# [GIVEN ENTRIES]
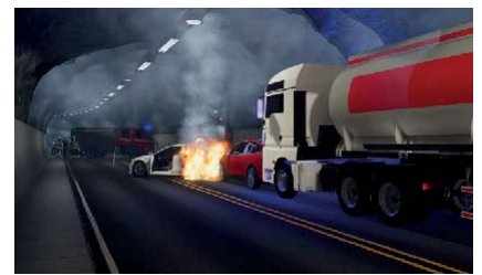
Incendies de transport
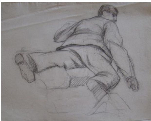
➤ Etude d'homme mort Crayon sur papier : 47 x 62 cm Non signé Clapiers, collection privée Inv. DSC 04459 – Série 6

En effet, Leenhardt perfectionna son enseignement académique en voyageant en Europe et en visitant divers ateliers de grands peintres et académies de peinture. Mais, c'est lors de son séjour à Constantinople qu'il a l'occasion d'observer les condamnés à mort et des exécutions publiques 10 . Celles-ci lui permettront d'observer et de rendre avec une fidélité toute photographique les traits d'un mort. Des dessins préparatoires ont été retrouvés.
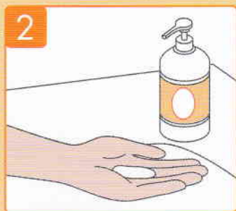
石けん液を適量とる。
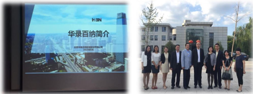
參訪人員在華納百錄總部前留影。

針對兩岸影視合作遭遇的課題與機會，劉總也明確表示，基於兩岸文化同文同種，加上臺灣優秀的人才創意，華納百錄一直尋求與臺灣影視業者合作的機會，依渠個人觀察，中國大陸電視劇製作規模大，目前中國大陸前五大衛星電視臺每個綜藝節目每季投入的製作費約為 2 億人民幣，每集電視劇的製作費亦達 150 萬元人民幣以上，而臺灣則在專業水平上較為領先，然臺灣過多的電視頻道需求，加上市場的侷限性，消磨臺灣影視製作的能量，他個人曾為與臺灣影視業者合作，多次來臺與業者洽談，惟臺灣製作人囿於市場考量，對於大規模投資較為怯步，轉而投資相對低成本的偶像劇，長期而往，低成本的製作考量對臺灣電視產業將產生較大的傷害。未來華納百錄仍期待與臺灣專業人才合作。
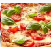
PIZZA 180°C 20 min.
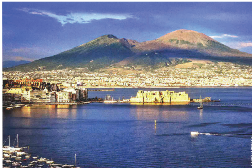
A sinistra, il tramonto sul golfo di Napoli con Castel dell'Ovo e il Vesuvio sullo sfondo. Sotto, la basilica di San Francesco di Paola e l'emiciclo ottocentesco di Leopoldo Laperuta nella celebre piazza del Plebiscito.

TRA IL VESUVIO E IL MARE, LA CITTÀ RISERVA SORPRESE E VARIE SQUISITTEZZE
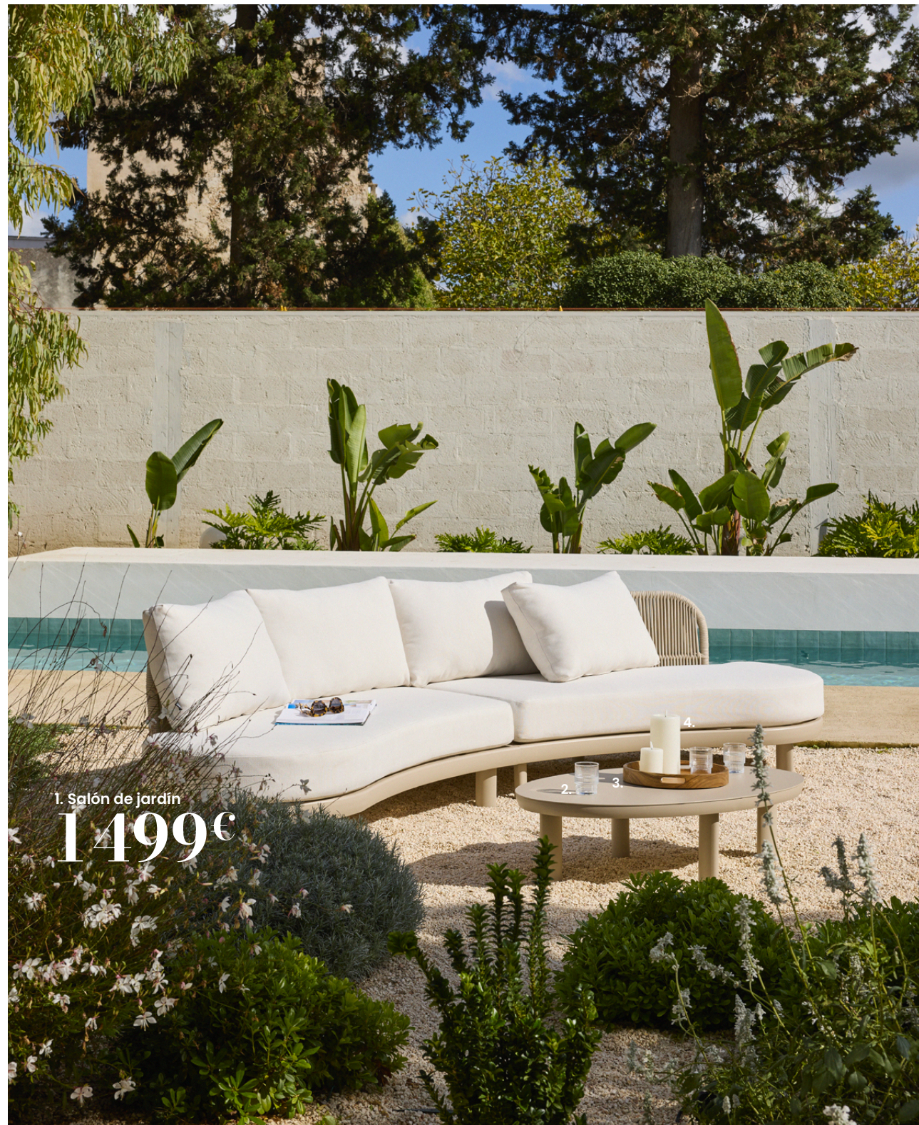
1. Salón de jardín 1499€

1. Salón de jardín NAPLES. 1 499€ Tejido reciclado. Estructura y patas: aluminio con acabado epoxi de color champán. Respaldo: cuerda 100 % poliéster de color champán. Revestimiento de los cojines del asiento y del respaldo: tela de poliéster 50 % reciclado de 230 g/m 2 , color crudo, funda extraíble e hidrófuga. Relleno de los cojines del asiento: espuma de polietileno, 25 kg/m 3 de densidad, y algodón tejido. Relleno del cojín del respaldo: espuma de polipropileno de 200 g/cm 2 . Mesa baja: Estructura, tablero y patas de aluminio con acabado epoxi de color champán. Dimensiones: 108 x 66 x 29,5 cm. Se recomienda utilizar posavasos y no colocar fuentes de calor sobre el tablero. Anch. 332 x prof. 79,50 x alt. 77 cm. Ref. 251574 - 2. Vaso HELEN. 2,59€ Cristal. Ø 7,80 x alt. 9,50 cm. Ref. 244773 - 3. Bandeja de cocina. 29,99€ Madera con certificado FSC™. Madera. Ø 35 x alt. 5 cm. Ref. 244372 - 4. Vela perfumada COLORAMA. 14,99€ Hecho en Polonia. Cera. Cristal. Acero. Ø 10 x alt. 11 cm. Ref. 241917 - 4. Vela LED LES CLASSIQUES. 12,99€ Cera. Vela LED 10 x 20 cm. Pilas no incluidas. Ø 10 x alt. 20 cm. Ref. 247143
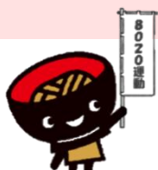
わんこきょうだい・そばっち

岩手県保健福祉部健康国保課 岩手県口腔保健支援センター 電話：019-629-5468 E-Mail：AD0003@pref.iwate.jp
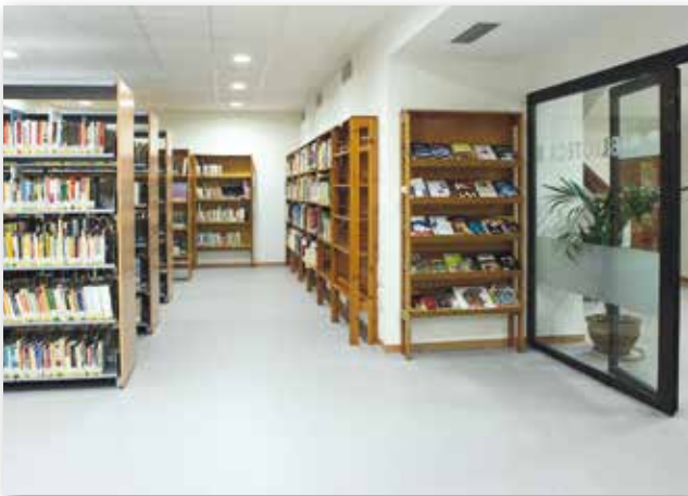
Actual biblioteca 2011

Hem parlat de l'edifici, dels documents i de la introducció de les noves tecnologies a la biblioteca, ara anem a parlar del personal.
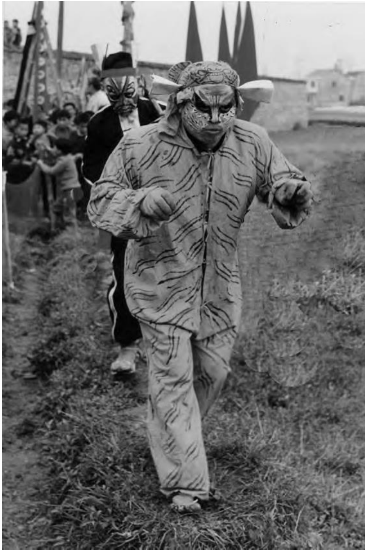
圖 4: 捉妖 (一)
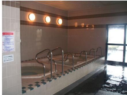
各種ジャグジー風呂
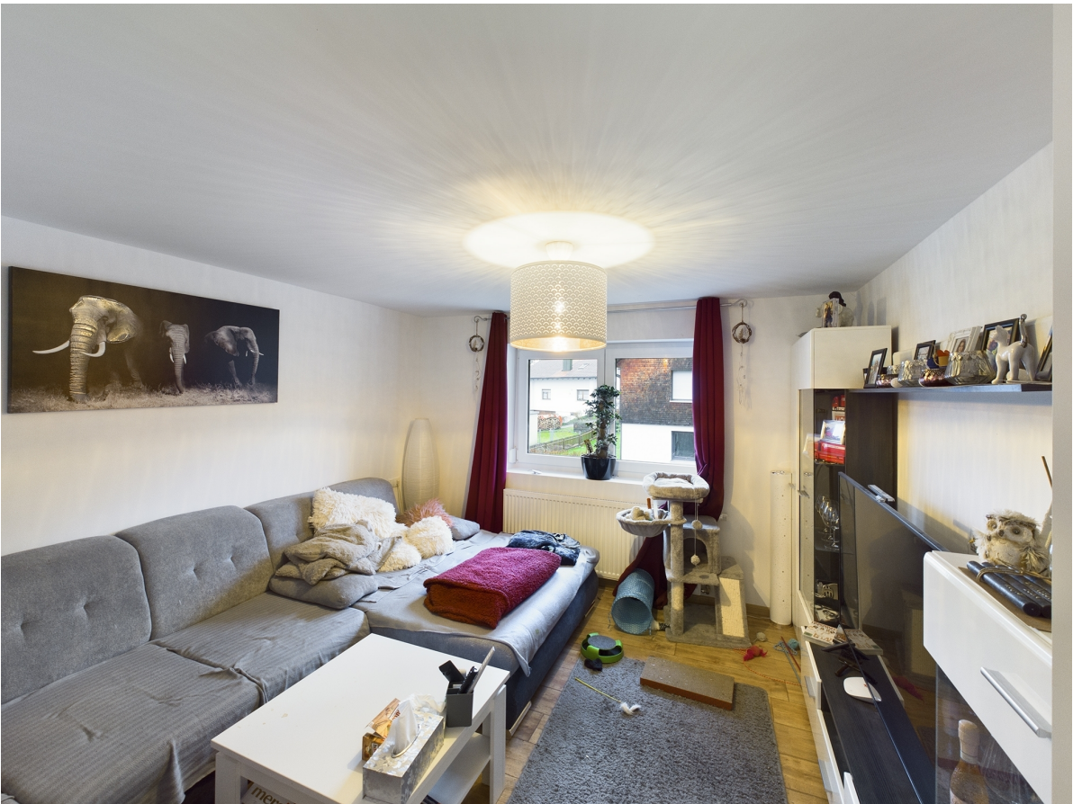
Wohnzimmer Top 2

# [WHAT YOU NEED TO DO]
For the entries, state the number of lines that include the string "Salón". Add no other words.

# [SOLUTION FOR THIS EXERCISE]
2